### Task requirements
Return each record unchanged and drop the images.

### Dataset records
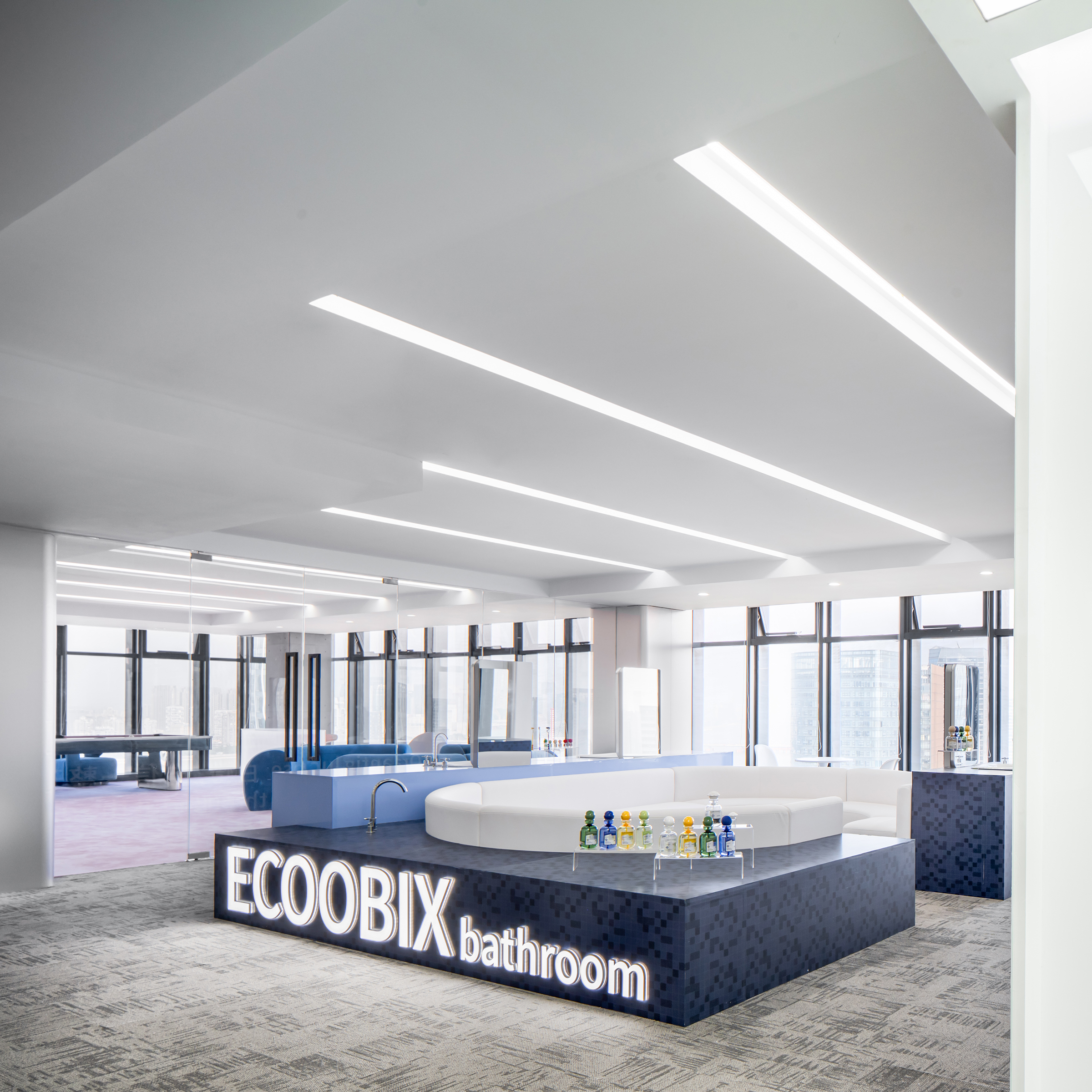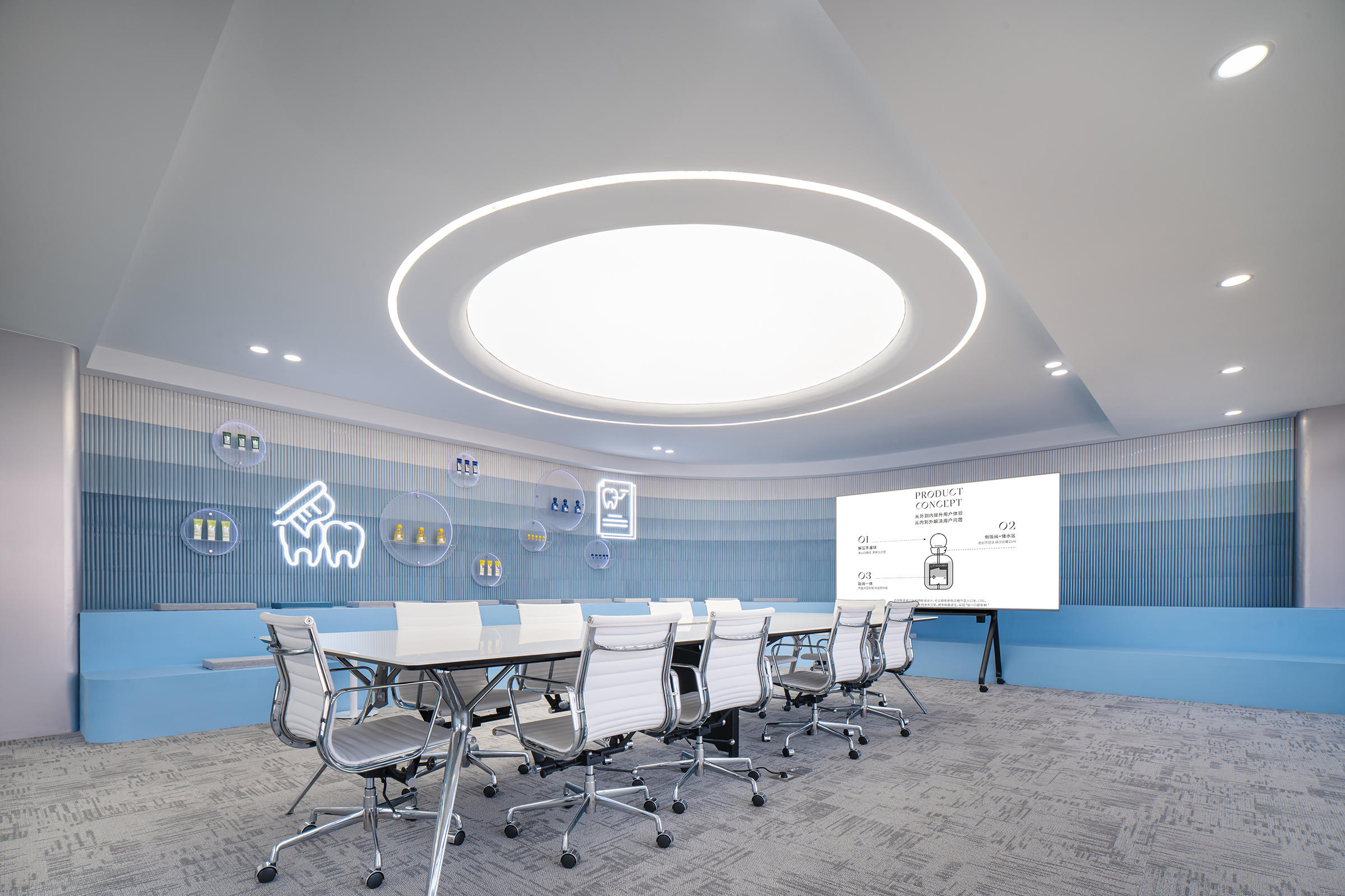 The project spans 2,450 square meters, aiming to redefine the traditional office environment by integrating brand exhibition, R&D promotion, and employee empowerment into a dynamic experience platform. The design is inspired by the brand’s core technology, "Marine Glycosidase," and adopts the concept of "Symbiotic Sea Isle," drawing parallels with the purity, inclusivity, and ceaseless energy of the ocean, reflecting the brand's commitment to cleanliness and innovation.
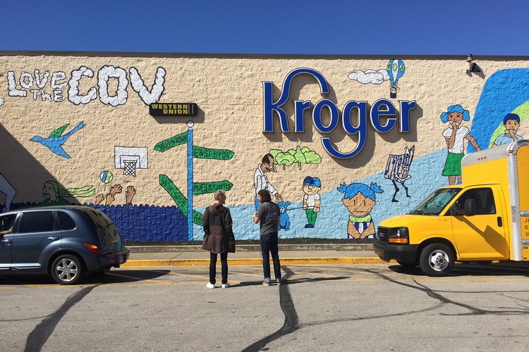 When they got involved in creating the “Love the Cov” mural to decorate the Madison Avenue Kroger location in Covington that had just undergone a $800,000 renovation on the inside, dozens of stakeholders were consulted to get a sense of what they identified with in their neighborhood.
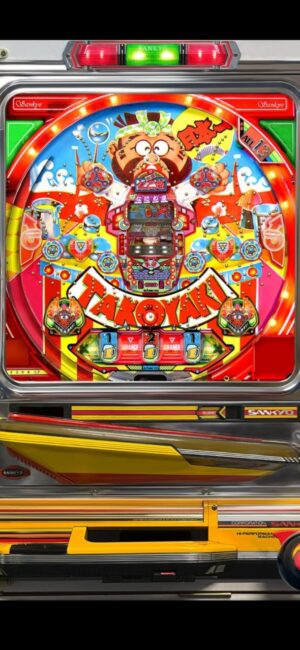 たこやき器をモチーフにしたであろうステージに、串を持って左右に動いてる焼きのおじさんらしき人。丸穴に玉が入ると、なんかなるのかな?と軽く妄想して、両替を済ませて勝負開始。
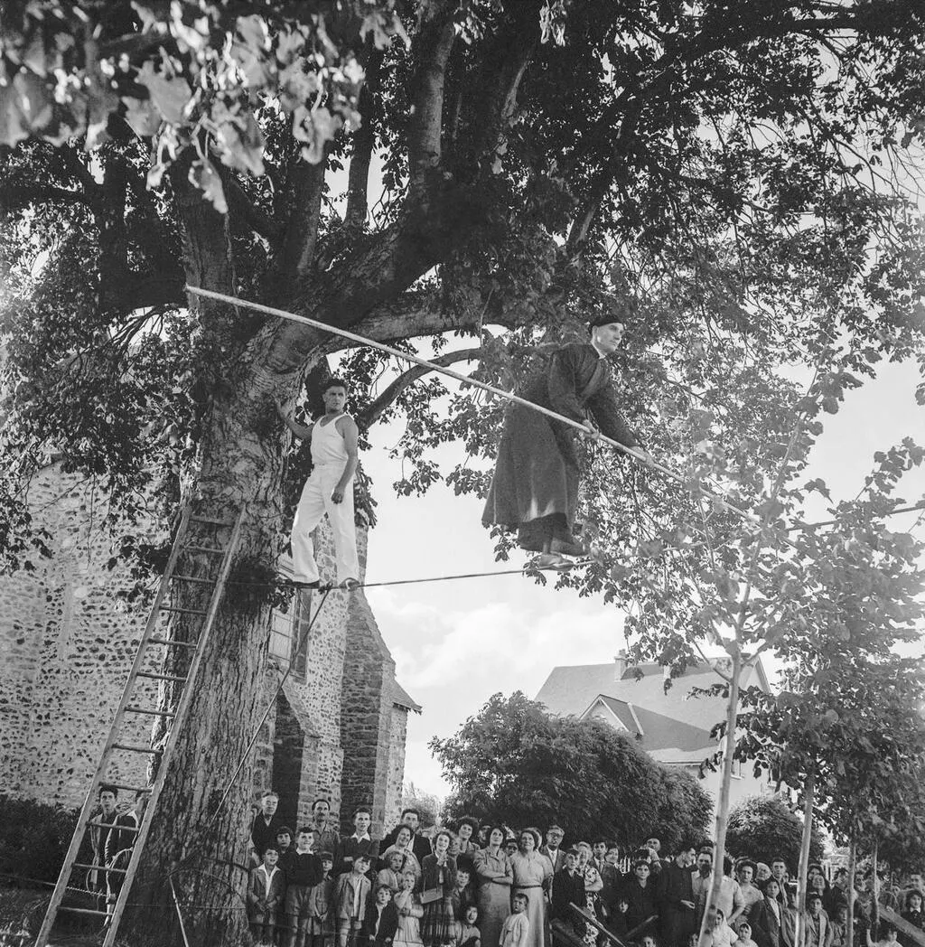 En août 1957, devant l’église de Fillé, l’abbé Baron s’avance avec prudence sur un fil de funambule. Un exploit destiné à financer la réparation de l’église. © AGIP - Bridgeman Images
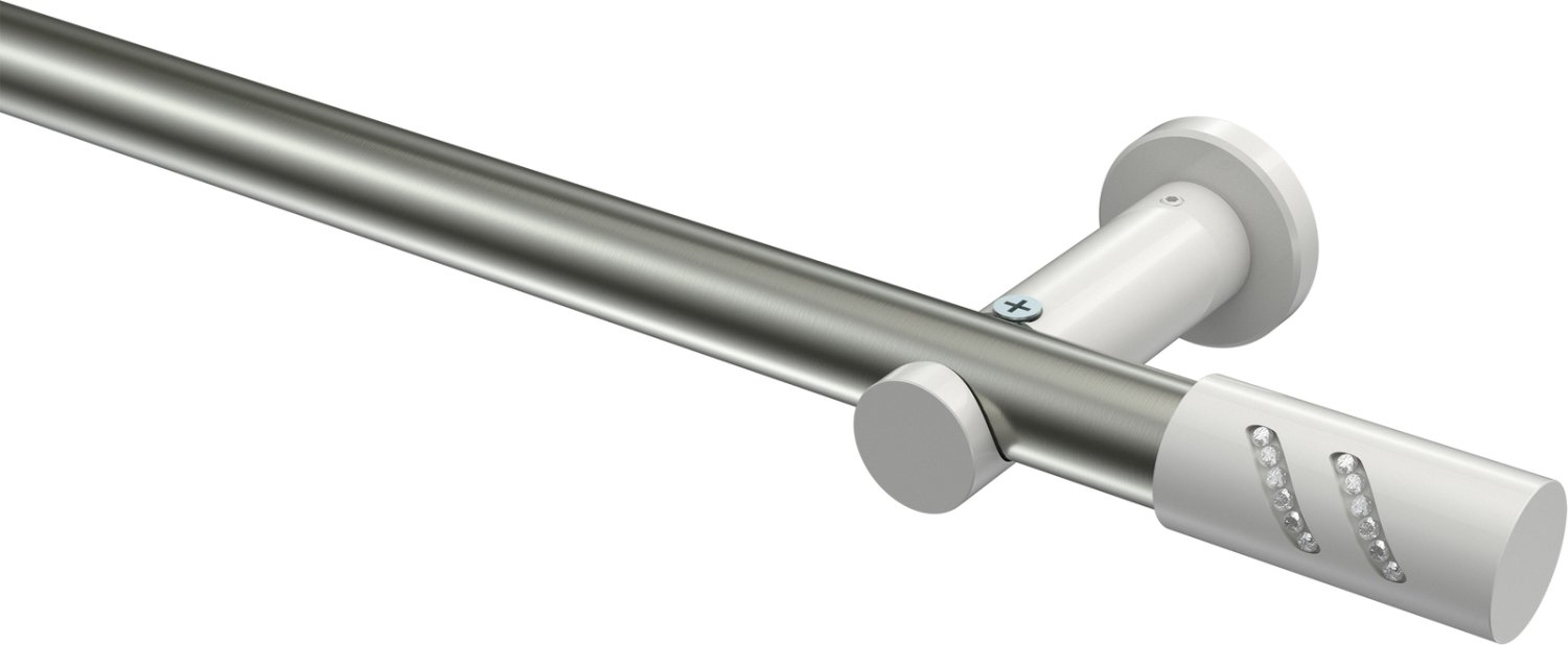Gardinenstangen aus Metall in 20 mm Ø, 1-läufig, Modell PLATON - Zoena Edelstahl-Optik / Weiß (ohne Ringe)

### Response to this task
 The project spans 2,450 square meters, aiming to redefine the traditional office environment by integrating brand exhibition, R&D promotion, and employee empowerment into a dynamic experience platform. The design is inspired by the brand’s core technology, "Marine Glycosidase," and adopts the concept of "Symbiotic Sea Isle," drawing parallels with the purity, inclusivity, and ceaseless energy of the ocean, reflecting the brand's commitment to cleanliness and innovation.
 When they got involved in creating the “Love the Cov” mural to decorate the Madison Avenue Kroger location in Covington that had just undergone a $800,000 renovation on the inside, dozens of stakeholders were consulted to get a sense of what they identified with in their neighborhood.
 たこやき器をモチーフにしたであろうステージに、串を持って左右に動いてる焼きのおじさんらしき人。丸穴に玉が入ると、なんかなるのかな?と軽く妄想して、両替を済ませて勝負開始。
 En août 1957, devant l’église de Fillé, l’abbé Baron s’avance avec prudence sur un fil de funambule. Un exploit destiné à financer la réparation de l’église. © AGIP - Bridgeman Images
Gardinenstangen aus Metall in 20 mm Ø, 1-läufig, Modell PLATON - Zoena Edelstahl-Optik / Weiß (ohne Ringe)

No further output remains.